Greetings Monks, I did some searching on this question (both internally and using Google) but found nothing definitive. The OO paradigm;
sub method {
    my $self = shift;
Is deeply ingrained in memory of my fingers, however when writing some code for various getter methods, my subconscious predisposition for terseness shortened:
sub get_foo {
    my $self = shift;
    return $self->_bar(baz => 2, frob => 30);
}
To:
sub get_foo { return $_[0]->_bar(baz => 2, frob => 30) }
The question I have is; is using '$_[0]' rather than '$self = shift' considered bad form?

Comment on Brief OO question
Re: Brief OO question
by armstd (Friar) on Oct 05, 2011 at 02:51 UTC

    Not in my opinion, but I rarely do it. My main considerations for doing so are maintainability and performance. If it's a trivial method called often, I'll definitely consider using $_[0] instead of assigning $self first, like your example.

    If it's a method that does considerable or complicated things to "$self", or isn't called very often, then I consider $self more maintainable and will prefer it.

    --Dave

Re: Brief OO question
by Anonymous Monk on Oct 05, 2011 at 06:50 UTC
Re: Brief OO question
by zwon (Monsignor) on Oct 05, 2011 at 11:09 UTC

    It is matter of taste.
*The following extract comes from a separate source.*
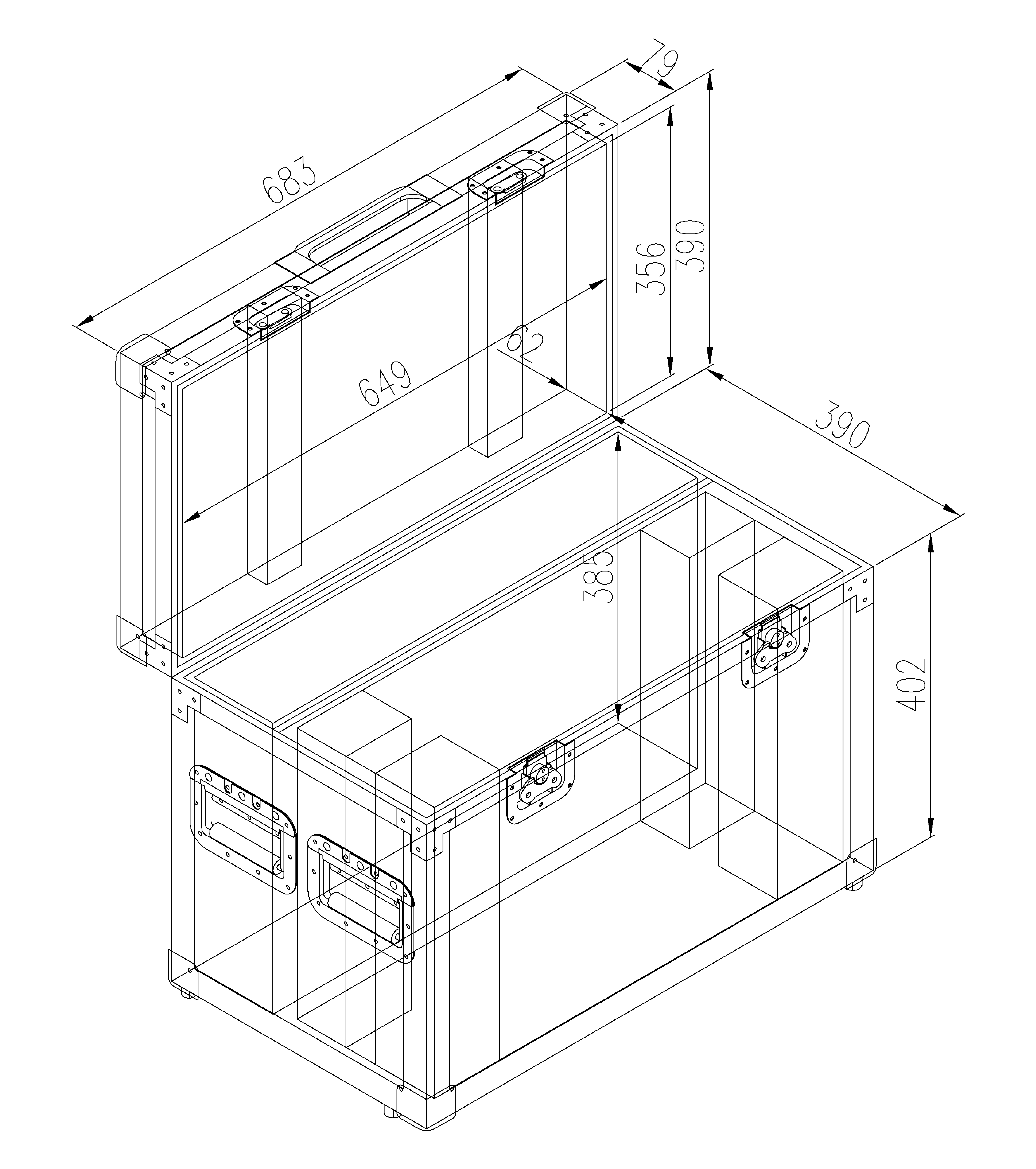 The case is constructed with 12MM multi-layer plywood and surfaced with black textured fireproof laminate. Designed for custom-sized computer monitors and television displays, it utilizes multi-layer reinforced cushioning to immobilize equipment and effectively withstand shocks and impacts during transit.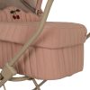 Dukkevogn i vintage stil designet med fire store hjul laget i EVA-materiale for ekstra stabilitet. Har quiltet trykt stoff og en madrass laget av 100% økologisk bomull. Designet med en mykt polstret oppbevaringskurv under liggedelen. Rammen er laget av metall med mykt håndtak. Dukkevognen kommer ferdig montert og er enkel å slå sammen og oppbevare.

I usually write

    sub get_it { shift->{it} }
      I also use shift like this if it's a one-liner method, nice and short.
Re: Brief OO question
by chromatic (Archbishop) on Oct 05, 2011 at 16:54 UTC

    You have to weigh the clarity of a named variable versus the efficiency of accessing @_ directly rather than shifting it off. It's a maintenance decision.

    For my purposes, using something like Moose to avoid having to write accessors is worth it.